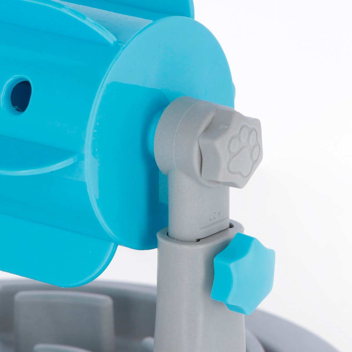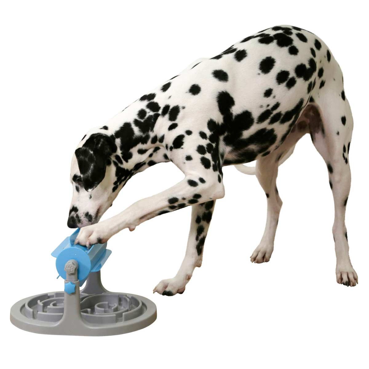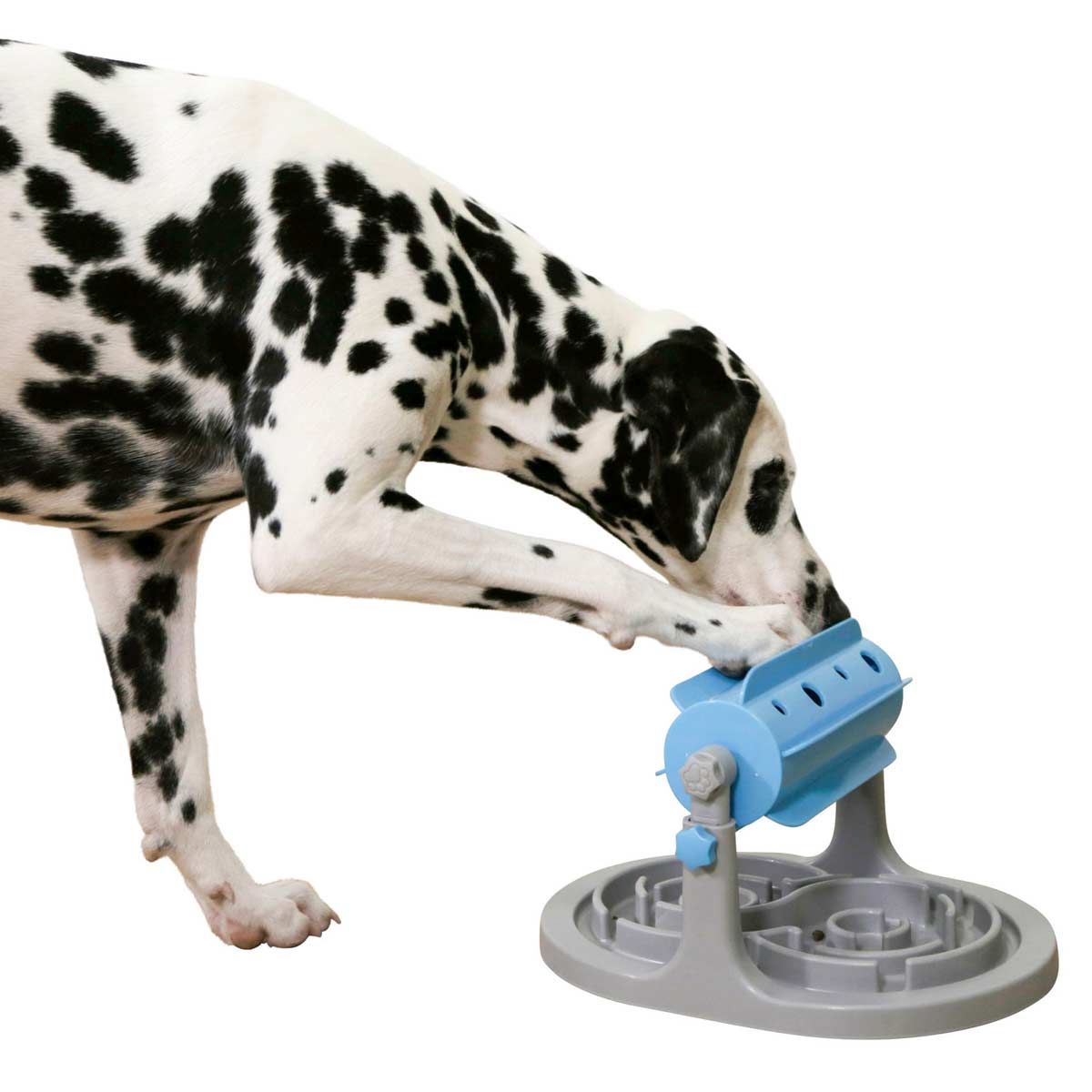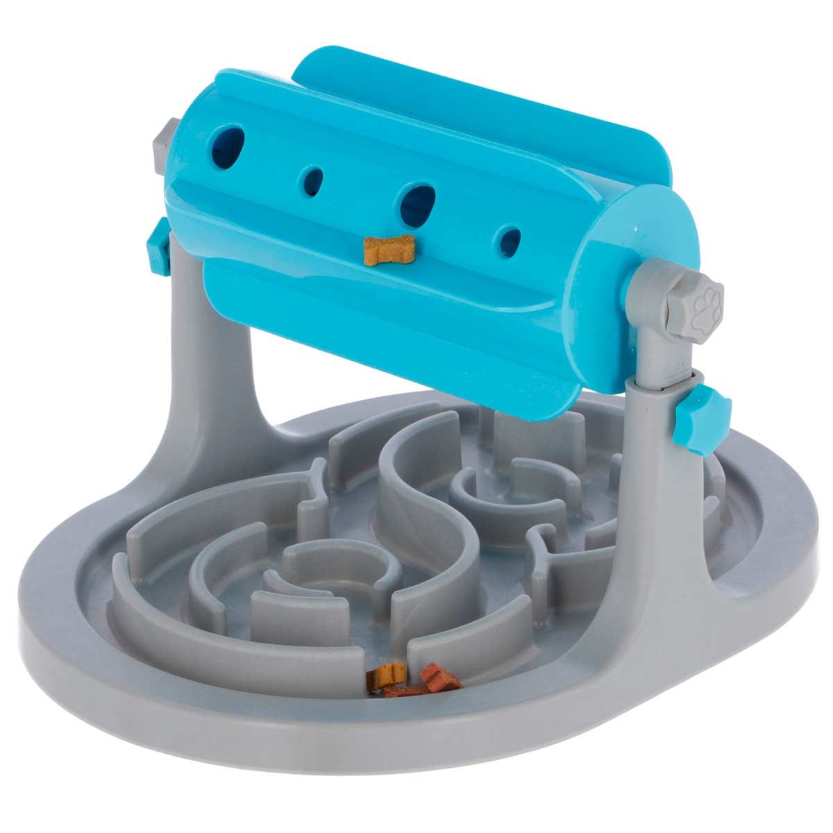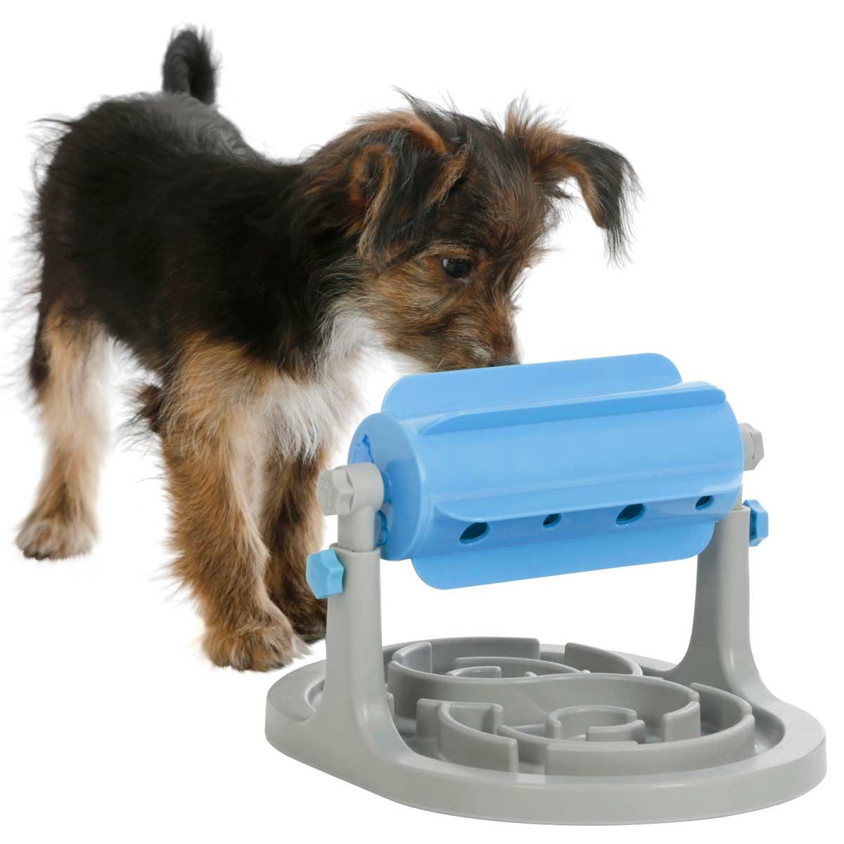 - Durch Drehung der Rolle fallen die Snacks heraus in den Anti-Schling Teller
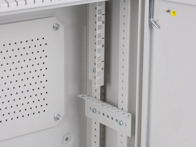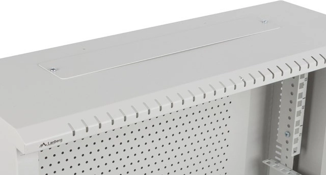 L’armoire est livrée entièrement assemblée dans un seul colis. Les portes ouvrables des deux côtés simplifient la maintenance et l’accès. Les ouvertures de ventilation intégrées sur les panneaux supérieur, inférieur et latéraux assurent un flux d’air et une température interne stable. Les passe-câbles dévissables permettent le montage de panneaux brosse LANBERG et maintiennent un câblage ordonné.
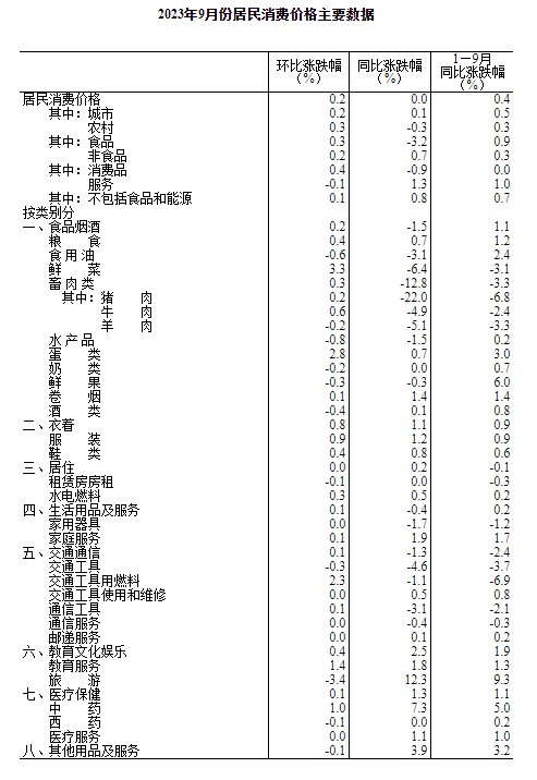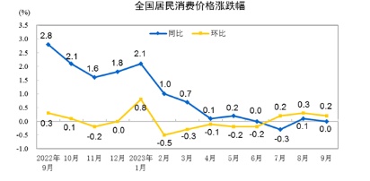 2023年9月份居民消费价格同比持平 环比上涨0.2%
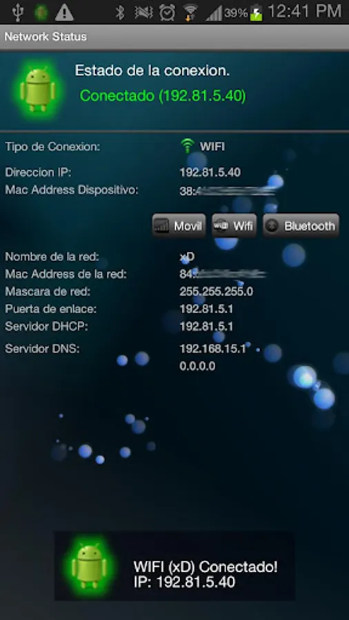 Network Status is an application that reports the status of the network connection or MOBIL WIFI, Display the details of the connection established. Lets share the connection information. Buttons enables quick access to system settings.
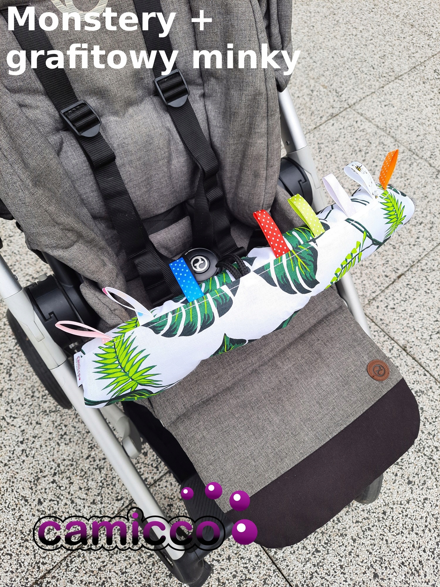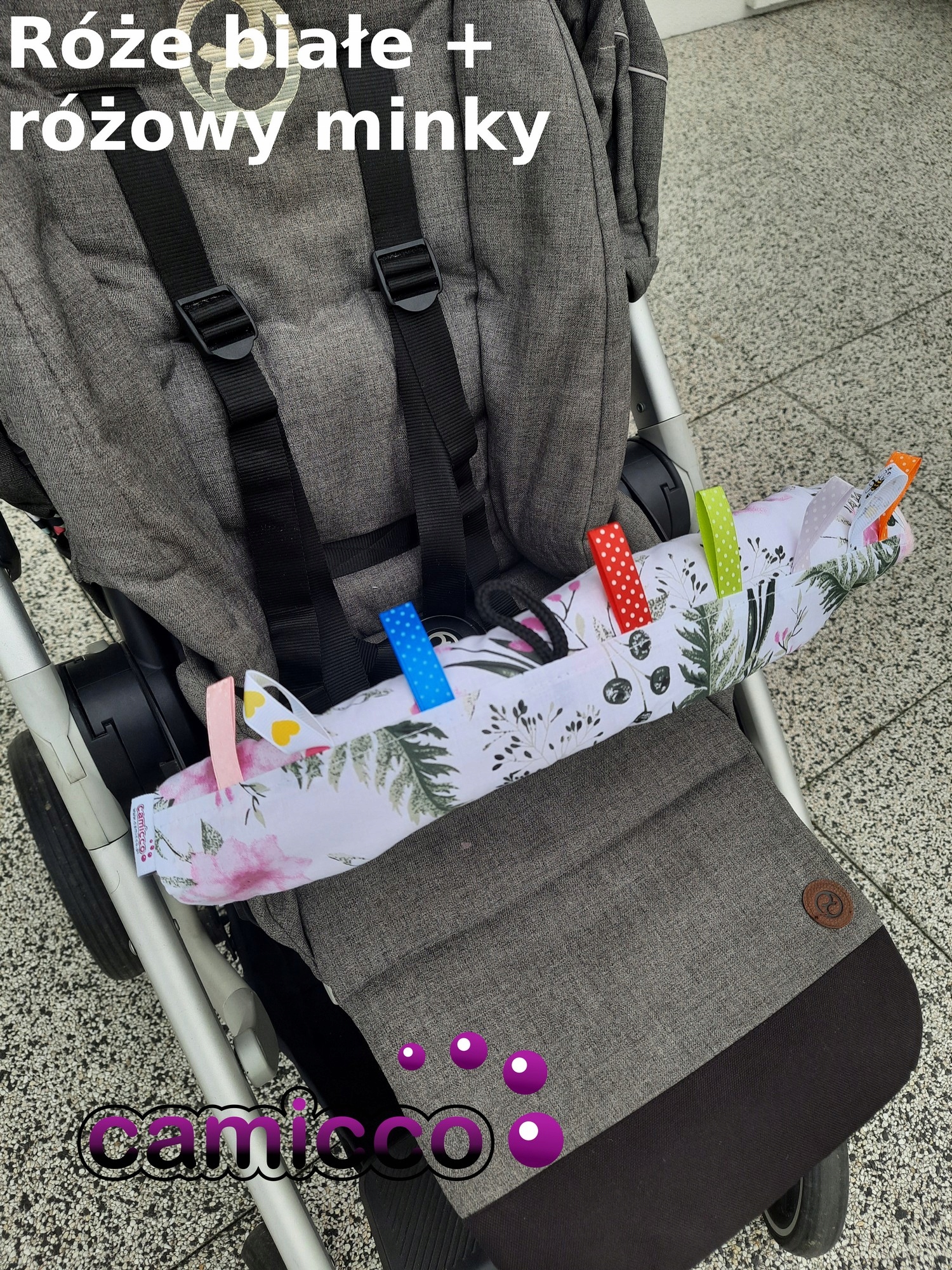 Подходит для большинства рулей (поручней), колясок или сидений, предлагаемых на польском рынке, с красочными этикетками, чтобы ваш малыш не скучал

* **Task details**:
Once the pictures are removed, output the entries above exactly as given.

* **Result of the exercise**:
 - Durch Drehung der Rolle fallen die Snacks heraus in den Anti-Schling Teller
 L’armoire est livrée entièrement assemblée dans un seul colis. Les portes ouvrables des deux côtés simplifient la maintenance et l’accès. Les ouvertures de ventilation intégrées sur les panneaux supérieur, inférieur et latéraux assurent un flux d’air et une température interne stable. Les passe-câbles dévissables permettent le montage de panneaux brosse LANBERG et maintiennent un câblage ordonné.
 2023年9月份居民消费价格同比持平 环比上涨0.2%
 Network Status is an application that reports the status of the network connection or MOBIL WIFI, Display the details of the connection established. Lets share the connection information. Buttons enables quick access to system settings.
 Подходит для большинства рулей (поручней), колясок или сидений, предлагаемых на польском рынке, с красочными этикетками, чтобы ваш малыш не скучал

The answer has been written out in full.